Penurunan Dukungan untuk Sistem Presidensial di Turki
Jajak pendapat yang dilakukan oleh asosiasi dan institusi terkemuka tentang pemilu di Turki semuanya menunjukkan penurunan popularitas Presiden Turki Recep Tayyip Erdogan dan pemimpin Partai Keadilan dan Pembangunan yang berkuasa.
Pada saat yang sama, jajak pendapat baru-baru ini menunjukkan peningkatan penolakan rakyat Turki terhadap sistem presidensial.
Para ahli percaya bahwa berkurangnya dukungan rakyat terhadap sistem presidensial berarti penurunan dukungan rakyat Turki terhadap pribadi Presiden Recep Tayyip Erdogan. Dalam hal ini, surat kabar Birgun yang berbasis di Ankara, saat meninjau jajak pendapat lembaga pemungutan suara di Turki, menyatakan:
"52.7 persen warga mendukung sistem parlementer. Menurut jajak pendapat baru-baru ini, rakyat Turki percaya bahwa dengan berkuasanya sistem presidensial, kondisi sosial, ekonomi dan keamanan negara tidak lebih baik dari tahun-tahun sebelumnya ketika sistem parlementer diberlakukan, dan ini memprihatinkan berbagai kalangan masyarakat."
Para oposisi pemerintah Ankara serta pakar politik dan ekonomi Turki baru-baru ini menyatakan "sebagian dari alasan penentangan mereka telah disampaikan terhadap partai Turki yang berkuasa".
Para pakar Turki percaya, "Kurangnya ketaatan terhadap prinsip pemisahan kekuasaan dan hilangnya independensi peradilan dan kepatuhan hakim dan jaksa terhadap perintah pribadi presiden dan partai yang berkuasa, serta mengabaikan hak etnis dan minoritas serta menciptakan kondisi yang sulit bagi warga Kurdi, Alawi, Sirkasia, dan Armenia, salah satu alasan utama penentangan terhadap partai yang berkuasa di Turki."
Sementara itu, Presiden Turki Recep Tayyip Erdogan sendiri telah bertahun-tahun berusaha membangun sistem presidensial lain di Turki, yang berbeda dengan yang didirikan oleh sistem militer dan sekuler Turki.
Erdogan percaya, "Di Turki, sistem 'perwalian' yang berasal dari konstitusi 1982 diberlakukan pada rakyat Turki oleh komandan militer, dan sistem pemerintahan ini harus diubah dan kedaulatan rakyat ditetapkan di Turki."
Erdogan selalu percaya ada sistem dua kepala di negaranya, seperti yang dia tekankan dalam draf 18 pasal amandemen konstitusi Turki. Dengan kata lain, presiden dan perdana menteri sering berbenturan dalam urusan negara, dan ini menyebabkan krisis politik dan ekonomi. Politisi berpengalaman Turki ini dengan pendekatan ini akhirnya menggelar pemilu dini pada 2018, yang berujung pada kemenangan dirinya.

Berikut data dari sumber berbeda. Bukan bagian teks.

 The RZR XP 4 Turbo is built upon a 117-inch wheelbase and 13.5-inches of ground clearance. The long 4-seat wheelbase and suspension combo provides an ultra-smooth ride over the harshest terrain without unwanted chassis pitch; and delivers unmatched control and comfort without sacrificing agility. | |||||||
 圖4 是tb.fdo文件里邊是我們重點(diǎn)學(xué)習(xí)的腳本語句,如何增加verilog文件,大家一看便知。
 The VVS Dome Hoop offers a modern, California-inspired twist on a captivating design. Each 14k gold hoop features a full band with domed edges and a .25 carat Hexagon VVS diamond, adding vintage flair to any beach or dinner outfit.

Kini pemilihan umum parlemen dan presiden memasuki era baru di Turki. Karena menurut referendum 2017, sistem politik yang berkuasa di Turki berubah dari parlementer menjadi presidensial. Jelas, perubahan dalam sistem pemerintahan Turki ini berarti memperkuat kekuatan pribadi Recep Tayyip Erdogan sebagai presiden dan meningkatkan kekuasaannya. Dengan sistem presidensial baru di Turki, Erdogan sendiri dapat memegang kekuasaan hingga 2029.
Namun, mengingat kemenangan Erdogan yang tidak terlalu menentukan dalam pemilihan dewan lokal dan wali kota di Turki baru-baru ini, ia tampaknya mengalami kesulitan untuk terus menerapkan kebijakannya di Turki dan di tingkat regional. Tidak diragukan lagi, peningkatan penentangan rakyat terhadap sistem presidensial menunjukkan penurunan tajam suara rakyat Turki.

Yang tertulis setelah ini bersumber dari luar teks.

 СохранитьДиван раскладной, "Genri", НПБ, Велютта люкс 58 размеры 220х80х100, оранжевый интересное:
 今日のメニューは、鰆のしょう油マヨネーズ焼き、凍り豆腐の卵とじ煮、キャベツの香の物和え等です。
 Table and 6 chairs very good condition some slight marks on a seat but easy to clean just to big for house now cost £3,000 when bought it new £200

Terlepas dari beberapa propaganda media yang pro-Ankara, bagian dari penolakan rakyat Turki terhadap kursi kepresidenan ini tidak ada hubungannya dengan penyebaran virus Corona. Setahun lalu, kritik terhadap perilaku pemerintah Ankara dan Partai Keadilan dan Pembangunan yang berkuasa di Turki berfokus pada pelanggaran kebebasan berekspresi dan hak sipil. Tapi sekarang, sebagian besar penentangan menantang kebijakan ekonomi pemerintah Erdogan.
Singkatnya, dalam satu kesimpulan umum harus dikatakan bahwa tampaknya dengan munculnya kritik ekonomi dan konsensus para penentang Partai Keadilan dan Pembangunan dapat membuat segalanya semakin sulit bagi Erdogan dan Dolat Bahceli dalam pemilu mendatang.